Murdoch's Bold Bid for Dow Jones May Ultimately Succeed
Rupert Murdoch's plan for world media domination may have hit a speed bump, but that is unlikely to prevent Dow Jones & Co., owner of the Wall Street Journal, from changing hands, and it may end up in Murdoch's after all. Although the Bancroft family, which controls more than 50 percent of the stock of Dow Jones, last night rejected the unsolicited $5 billion offer from Murdoch's News Corp., analysts believe the bid could spark an auction for the century-old newspaper publisher and ultimately bring about its sale.
"The Bancroft family has control, but there can be a limit to their ability to say no," says Lawrence Haverty, an associate portfolio manager at Gamco Investors, which owns Dow Jones stock. "Dow Jones is a minnow in the shark pool, besieged on all sides by competitors who have vastly more resources than it does."

The Washington Post Co., Gannett Co., and Google, all of which have refused to comment on the deal, are among the companies analysts mention as possible suitors for Dow Jones.

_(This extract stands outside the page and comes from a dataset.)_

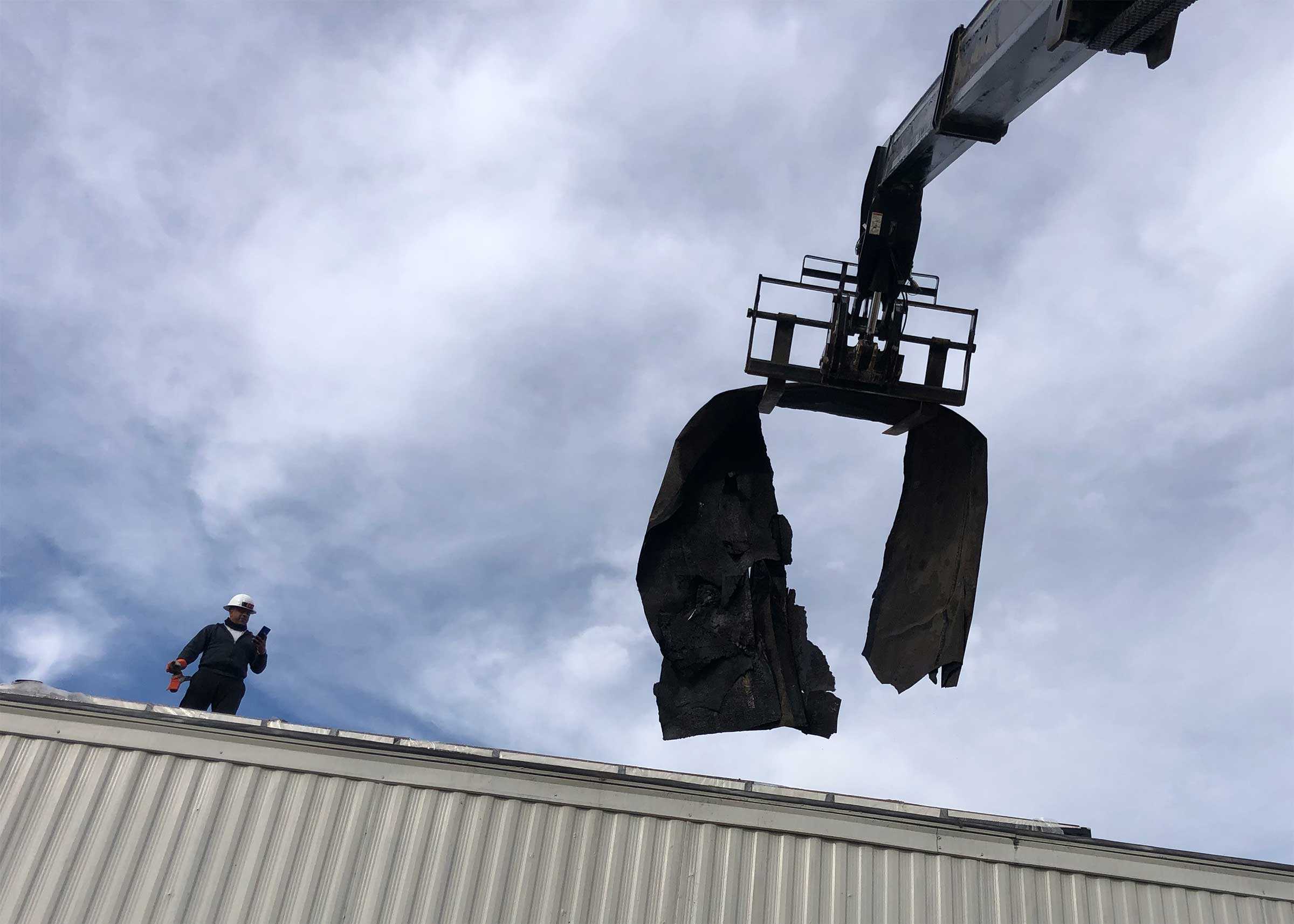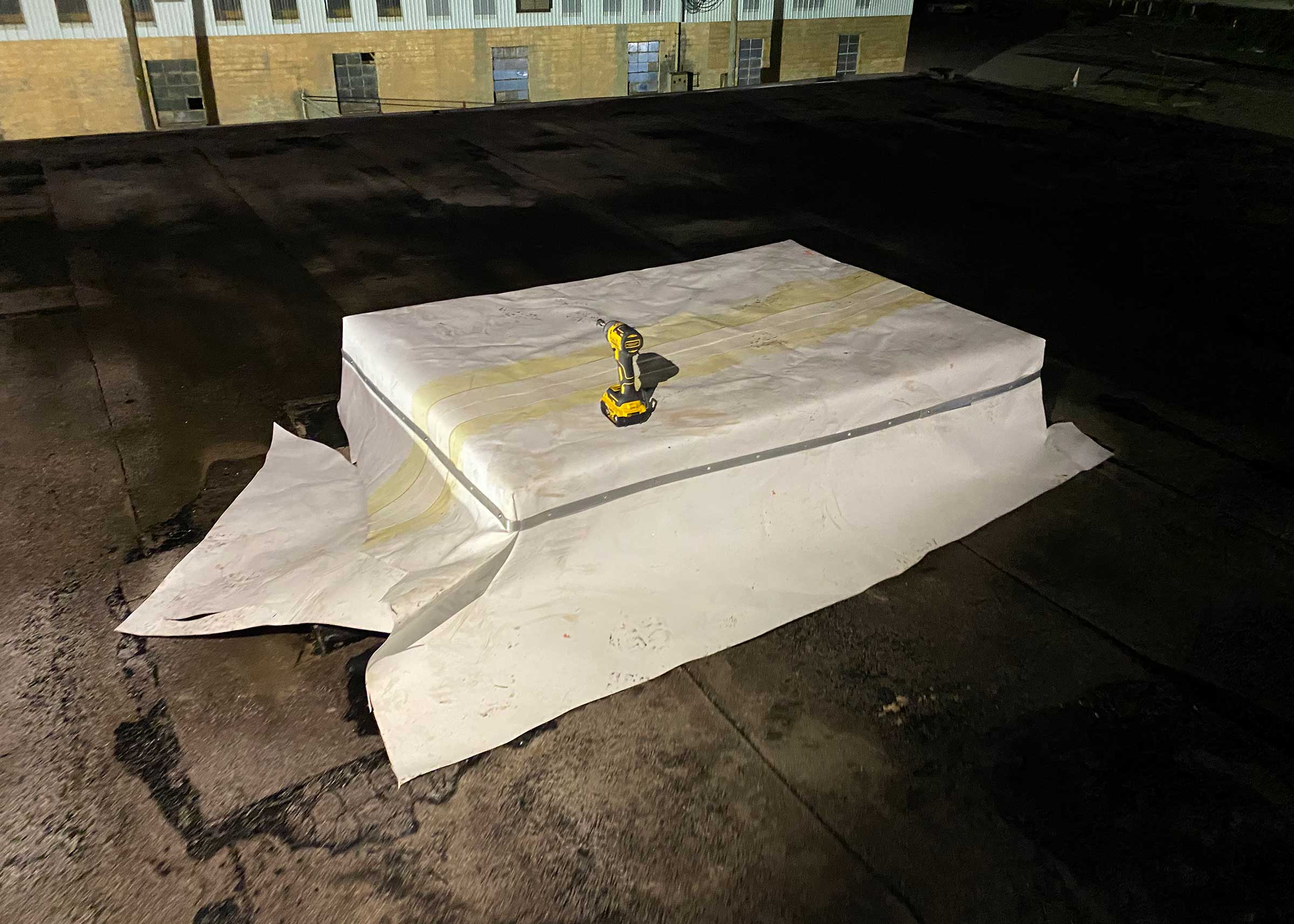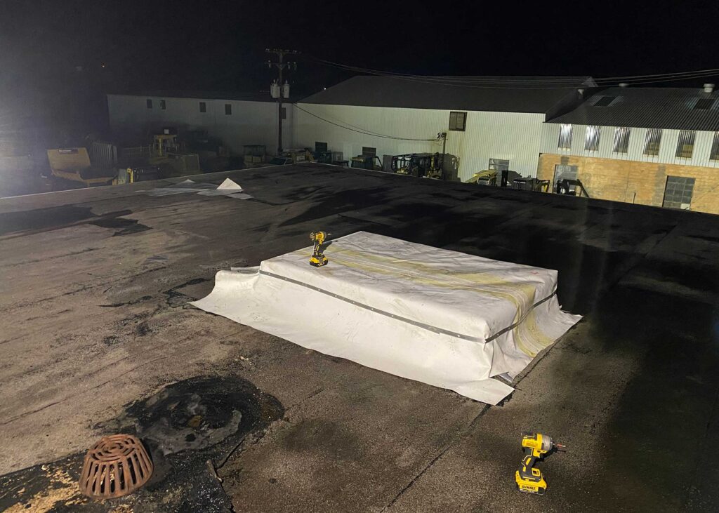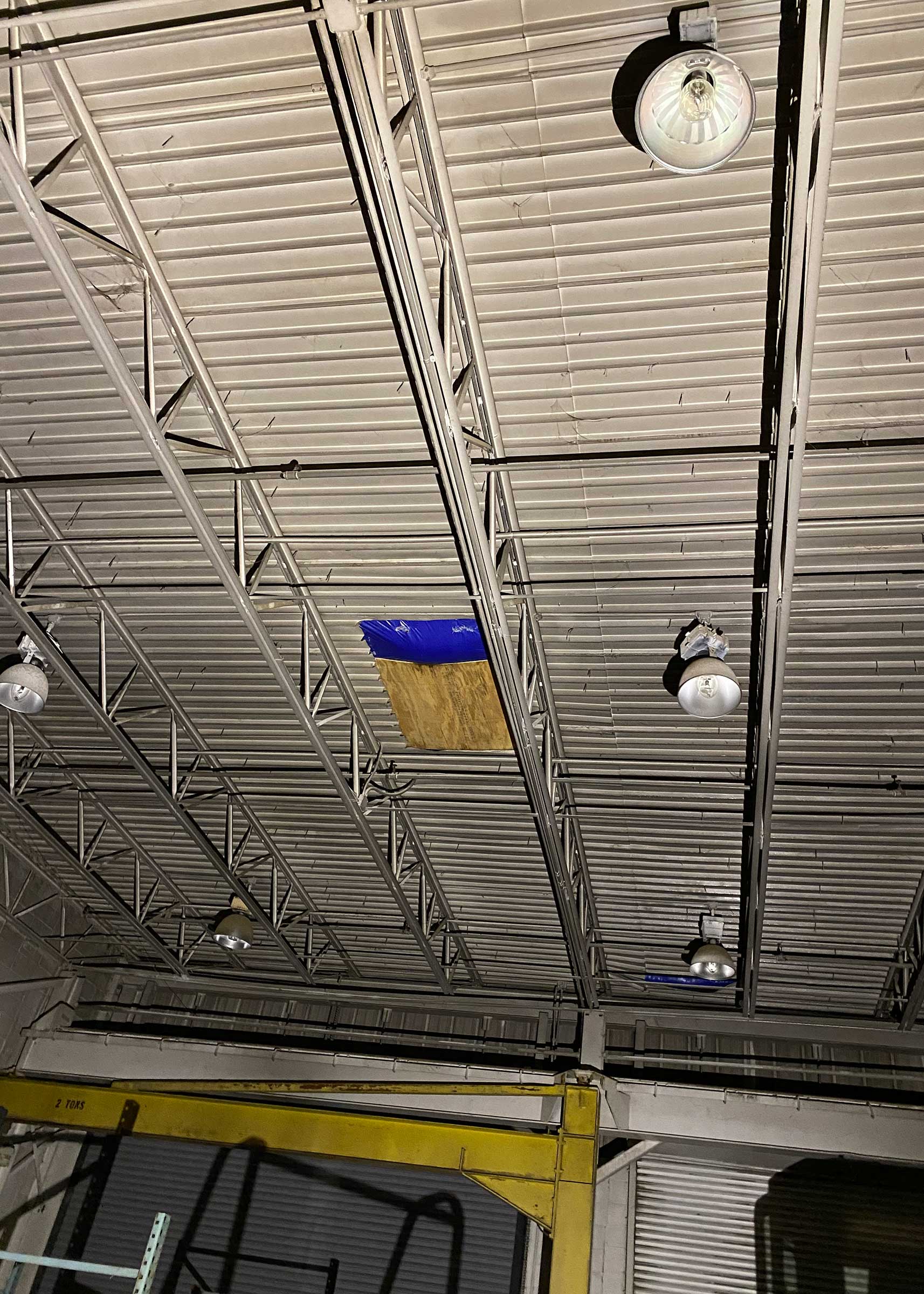 A Caterpillar dealership sustained roof damage from hurricane force winds. A general contractor attempted to dry the roof in with a blue tarp which failed soon thereafter. StormWrappers was brought in to temporarily dry-in the structure.

However, analysts are quick to point out that News Corp.'s bid, at $60 a share, or a premium of 65 percent over Dow Jones's stock price at the time of the offer, could be hard to beat. "News Corp.'s offer is at such a big premium that it could be difficult to come in on top of it," says Rick Edmonds, a newspaper industry analyst at the Poynter Institute in St. Petersburg, Fla.
The offer, which sent Dow Jones stock into orbit yesterday and boosted other media company shares as well, comes at a time when newspaper companies are struggling. Neither the recent sale of Knight Ridder nor Tribune Co. brought in the kind of premiums Murdoch is offering. The bid by News Corp., which owns the Fox Network, MySpace.com, Twentieth Century Fox, and the New York Post among many other properties, is higher than the company's stock price has been in the past five years.
Murdoch has long had his eye on Dow Jones, which in addition to the Journal owns the WSJ.com website, Dow Jones Newswires, and Barron's. The company currently generates 30 percent of its revenues online and is expected to increase that to 50 percent by 2009. So, while the Journal would be a trophy for the Australian media baron, much as is the Times of London, Dow Jones would also give him a big boost on the Internet and when he launches the Fox business channel later this year. Its main competitor will be CNBC, which has a partnership with Dow Jones through 2012 and broke the news of the News Corp. bid. "This is a classic Rupert move," says Haverty. "Big and bold. Not small."
Speaking on the Fox News Channel before the Bancroft family's rejection was made public, Murdoch, 76, said he hadn't heard back from the family directly and that he expected to meet with the Bancrofts in a few weeks. "There is plenty of time," he said in an interview. "We will take it calmly and hope that they take it calmly and will think about it."
The Bancrofts, who have controlled the company for more than 100 years, aren't front-line managers and have always preferred to stay out of the spotlight. "There's definitely a family attachment to the business," says Edmonds. "But does that outweigh a very attractive exit strategy? If this were a broadly held public company, it would be a slam-dunk."